Information shown
★ ★ ★ ★ ★ ★ ★
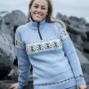 Noorse trui met brede ribboordjes in mos/lindegroen gemêleerd | Witt
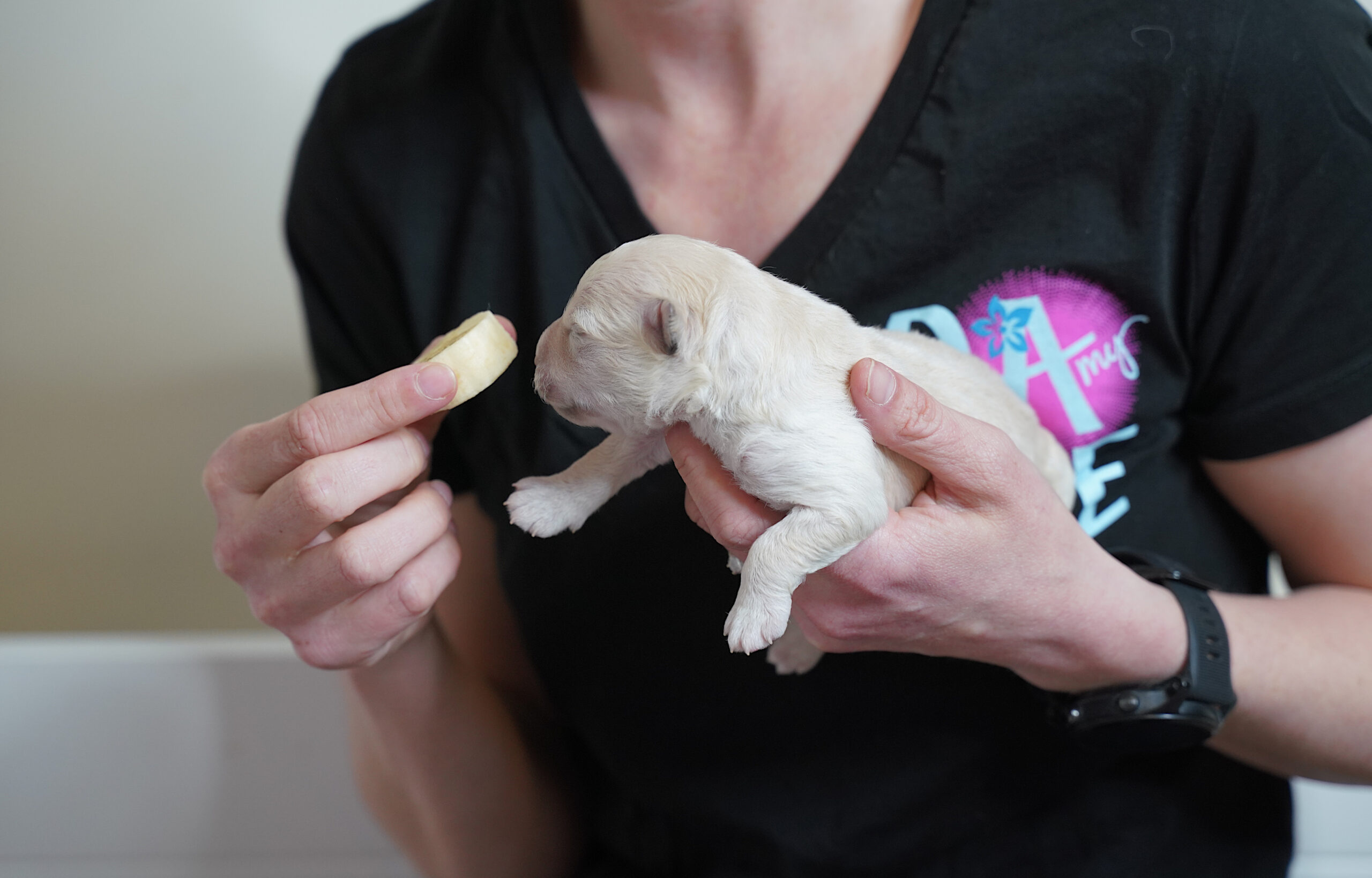 The Avidog program also recommends adding a novel scent to the rotation each day. Puppies will start this program before they can see or hear, but they can use their noses right away.
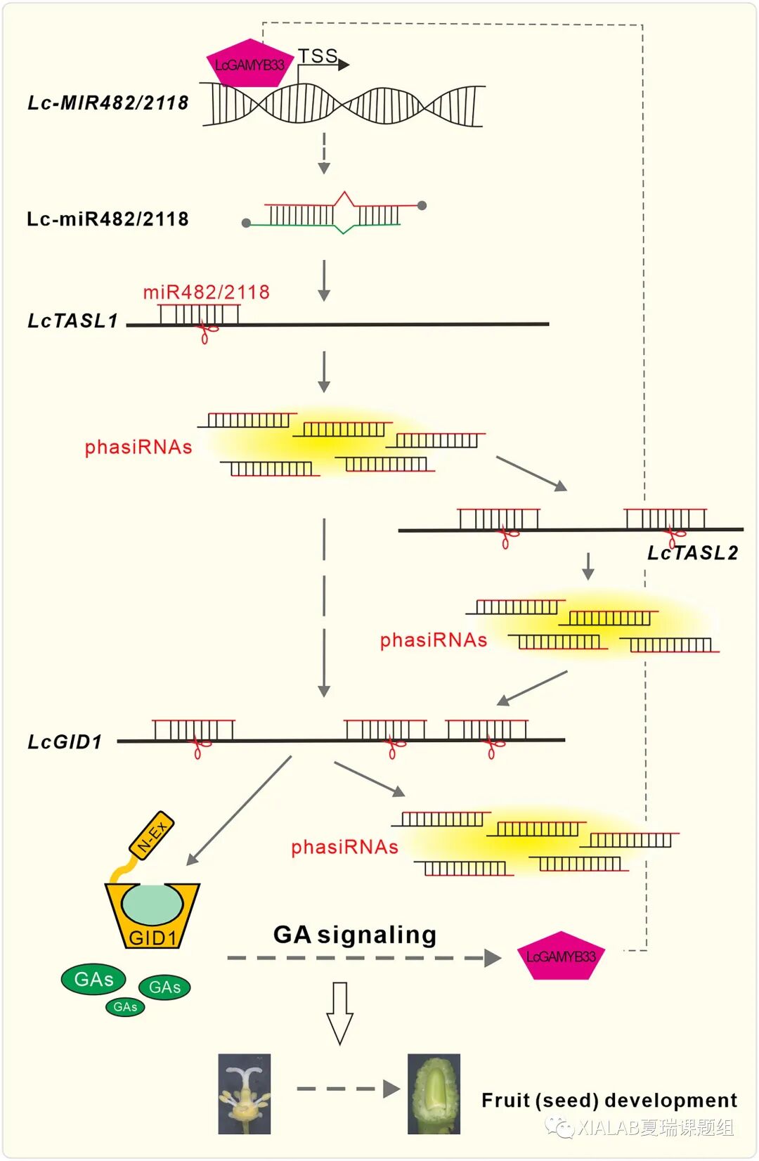 PBJ | 华农夏瑞课题组发现荔枝miR482/2118靶向非编码PHAS基因产生phasiRNA调控GID1参与GA信号传导
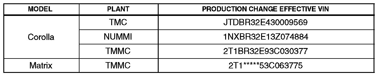 ^ 2003 model year Corolla and Matrix vehicles produced BEFORE the Production Change Effective VINs shown below.
★ ★ ★ ★ ★ ★ ★
Leave the images out and give the rest of the data again exactly.

Output of the task
 Noorse trui met brede ribboordjes in mos/lindegroen gemêleerd | Witt
 The Avidog program also recommends adding a novel scent to the rotation each day. Puppies will start this program before they can see or hear, but they can use their noses right away.
 PBJ | 华农夏瑞课题组发现荔枝miR482/2118靶向非编码PHAS基因产生phasiRNA调控GID1参与GA信号传导
 ^ 2003 model year Corolla and Matrix vehicles produced BEFORE the Production Change Effective VINs shown below.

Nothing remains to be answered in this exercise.